У руля российской экономики стоят люди того же круга, что в начале катастрофических реформ 1990-х. Знаковой фигурой здесь является А.Б. Чубайс. Известные приватизация и ваучеры, за которые «можно было купить по две “Волги”», «блестящие» успехи электроэнергетики России (которые после Саяно-Шушенской катастрофы стали всем очевидны), «огромные» достижения «Роснано» дают полную уверенность в «сокрушительном» успехе проекта «Сколково», за который взялся этот «эффективный менеджер».

Падение ВВП за 2009 г. составило более 8 % (объем перевозок грузов по железным дорогам сократился на 20 %). Это падение ВВП более чем вдвое превышает американские показатели и примерно вшестеро общемировые. Но ряд стран не только успешно пережили кризис, но и продвинулись в развитии своих экономик.
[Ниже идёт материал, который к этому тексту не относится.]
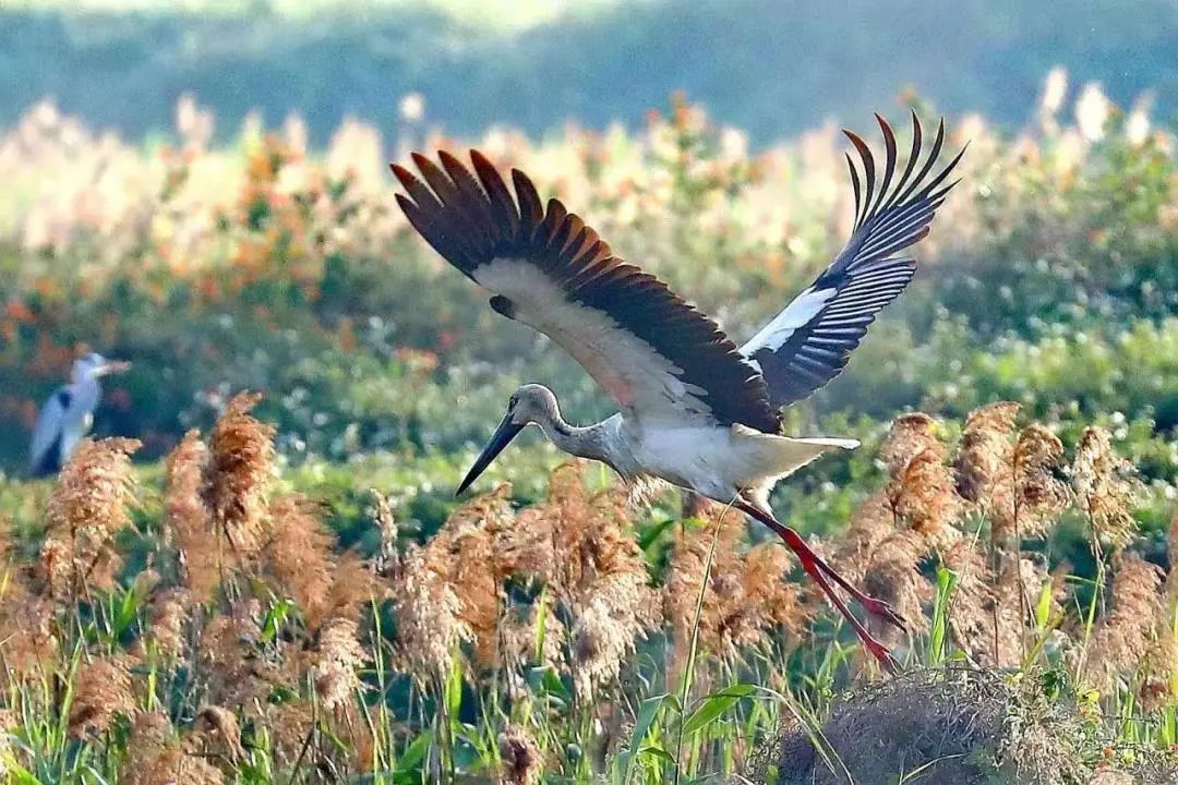 数十只“鸟中国宝”东方白鹳在平沙沿岸湿地过冬。

Свой ВВП за 2009 г. несколько увеличила Бразилия, на 6 % выросла за время кризиса Индия, на 8 % – Китай. Разная экономическая политика, разные результаты. Очень интересно, как бессменный (работающий на этом посту в течение десяти лет) министр финансов А. Кудрин прокомментировал успех Китая: «Недавно беседовал с нобелевским лауреатом Эдмундом Фелпсом. Он сказал, что в Китае некапиталистическая экономика, потому что большая часть инвестиций идет со стороны государства. Во время кризиса, когда во всех экономиках мира количество денег упало, у них оно выросло». Так вот оно в чем дело! Ребята играют не по правилам! Поэтому у них все хорошо. А мы делаем все «по-честному», по-капиталистически, и на Западе нас за это хвалят. Но результаты значительно скромнее.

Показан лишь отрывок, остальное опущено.